INSTRUCTIONS TO FOLLOW
Copy verbatim the span of lines beginning at the line that contains "Output 5V/2.5A Max." and ending with the final line of the data. Exclude pictures from the copy.

GIVEN DATA
◆ ◆ ◆

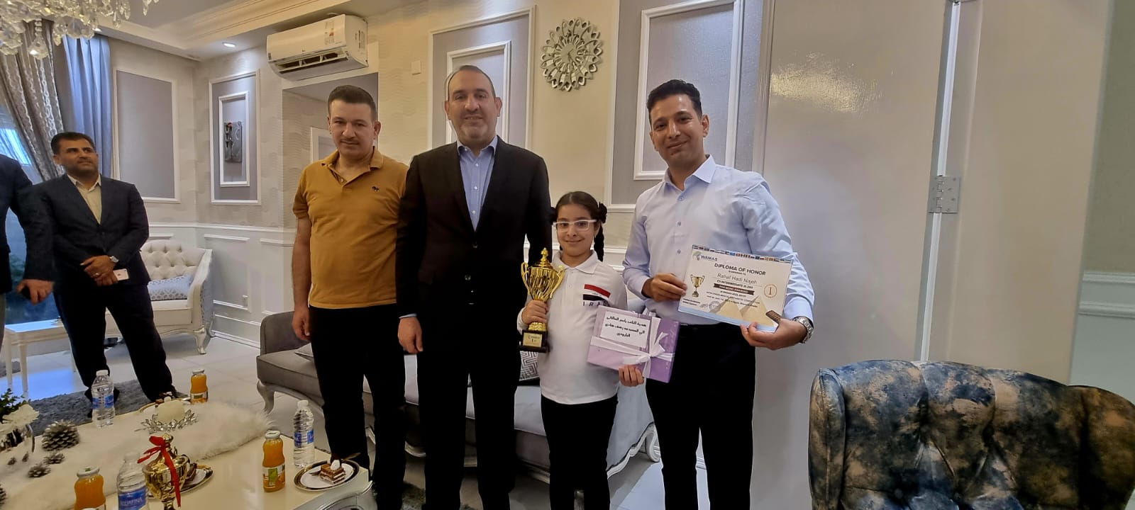 الدولية المقامة في مصر، (رهف هادي البارودي) و (دينا محمد قاسم المسلماني)، ورفعن مع زملائهن رأس العراق عاليا بين البلدان، وأكد المالكي ان هؤلاء التلاميذ الافذاذ يمثلون انموذجا للتلميذ العراقي المجد والمجتهد، وهم محل فخرنا واعتزازنا، وينبغي على الجهات المسؤولة والمعنية دعمهم بكل الطرق المادية والمعنوية، لتكريمهم وتشجيعهم على المزيد من العطاء والتألق في المحافل المحلية والدولية.
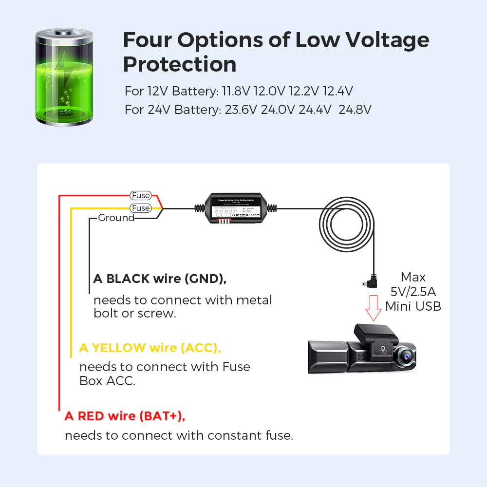 • AZDOME 3-Lead ACC Mini-USB Port Hardwire Kit - This allows the Dash Cam to be installed in your vehicle without the need to use the 12V/24V outlet (car cigarette socket). Converts 12V-24V to Output 5V/2.5A Max.
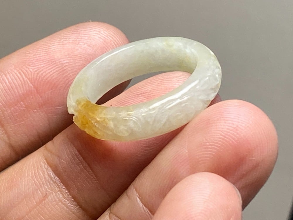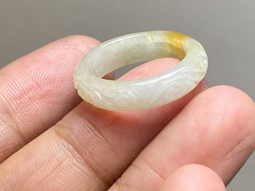 L11-208 氷種 彫花藤草 薄黄色 13.5号 ミャンマー産 A貨 本翡翠 くりぬき リング 黄翡翠
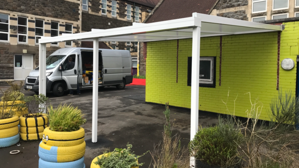 Stacey Primary School in Cardiff, contacted us enquiring about a canopy which would create a covered outdoor area to their school grounds which would allow outdoor play and learning all year round.

◆ ◆ ◆

SOLUTION FOR THIS PROBLEM
 • AZDOME 3-Lead ACC Mini-USB Port Hardwire Kit - This allows the Dash Cam to be installed in your vehicle without the need to use the 12V/24V outlet (car cigarette socket). Converts 12V-24V to Output 5V/2.5A Max.
 L11-208 氷種 彫花藤草 薄黄色 13.5号 ミャンマー産 A貨 本翡翠 くりぬき リング 黄翡翠
 Stacey Primary School in Cardiff, contacted us enquiring about a canopy which would create a covered outdoor area to their school grounds which would allow outdoor play and learning all year round.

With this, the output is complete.